Aegis, your roll is borked (though, with that modifier, I can't see you missing much...  :Small Wink: )

----------


## Aegis013

Good catch. Thanks.

(1d20+37)[*41*]

----------


## Biscuit

Apologies for the delay - It was a long holiday weekend here, and there was also a birthday in my household. Onward, to adventure!

Also, whenever I update 'The Watchtower's map, this is the song I am jamming out to, if you are at all curious of the 'vibe'. I always envision slow-mo black-and-white flashbacks of everyday life back when a halfling militia actually operated out of it before it was abandoned. I always have a 'theme song' in the back of my mind when I am building a scene.

All my games have a sound track in the back of my brain. Most of the villains have their own as well. Do your characters have theme songs in your brain radios too?

----------


## Cygnia

> (I know it looks like a boob - I'm sorry, but it was the closest symbol to a bullseye that I could find)
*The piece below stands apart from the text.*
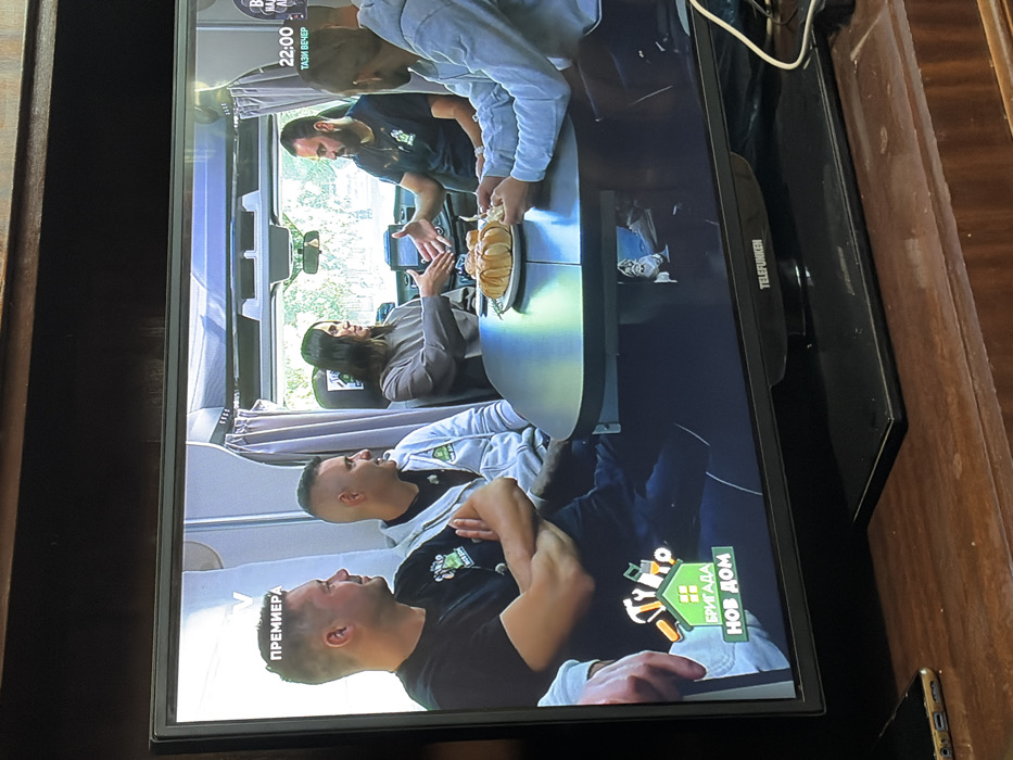 This image captures a Telefunken television displaying a program, located in Sarnevo, Bulgaria

Flashbacks of my days as a World of Warcraft raider -- "Follow the Nipple!"  :Small Tongue:

----------


## Biscuit

> Flashbacks of my days as a World of Warcraft raider -- "Follow the Nipple!"


Lmao

*hauling an archery target outside, screaming, 'FREE THE NIPPLE!' for the lulz*

----------


## Doxkid

> *⊚* =Archery Target


...this November is gonna be tough.

----------


## Biscuit

Once Fen has updated their position on the map, I will be able to move forward.

----------


## Cygnia

Whoopsie!  N7 please

----------


## Aegis013

I moved Fen's marker to N7.

----------


## Doxkid

Spot Check (I want the awareness or lack of awareness of the roll to be reflected in what I post even if it's not high enough to actually change anything.)
(1d20+36)[*38*]

----------


## Cygnia

Via her Mindsight, can Fen detect any change or number in where the sentient brains are? ;)

----------


## Biscuit

> Via her Mindsight, can Fen detect any change or number in where the sentient brains are? ;)


Nope! You do not notice any of the detected minds move in the slightest, nor have any more been detected so far. You definitely did not sense a mind where Aeris indicates at the ceiling.

----------


## Cygnia

Is there a specific Knowledge roll Fen (or anyone) can make to figure out what sort of anomaly might be at play here?  There're living minds -- but it's like they're paused in stasis or something.

----------


## Biscuit

> Is there a specific Knowledge roll Fen (or anyone) can make to figure out what sort of anomaly might be at play here?  There're living minds -- but it's like they're paused in stasis or something.


If you want to ponder over the state of the minds that have already been sensed, that would be a Knowledge (Psionics) check to see if you can gleen any nuggets of info.

----------


## Biscuit

Current Post-Revelation DM track: Really Slow Motion - Deadwood (Epic Dark Rock Action)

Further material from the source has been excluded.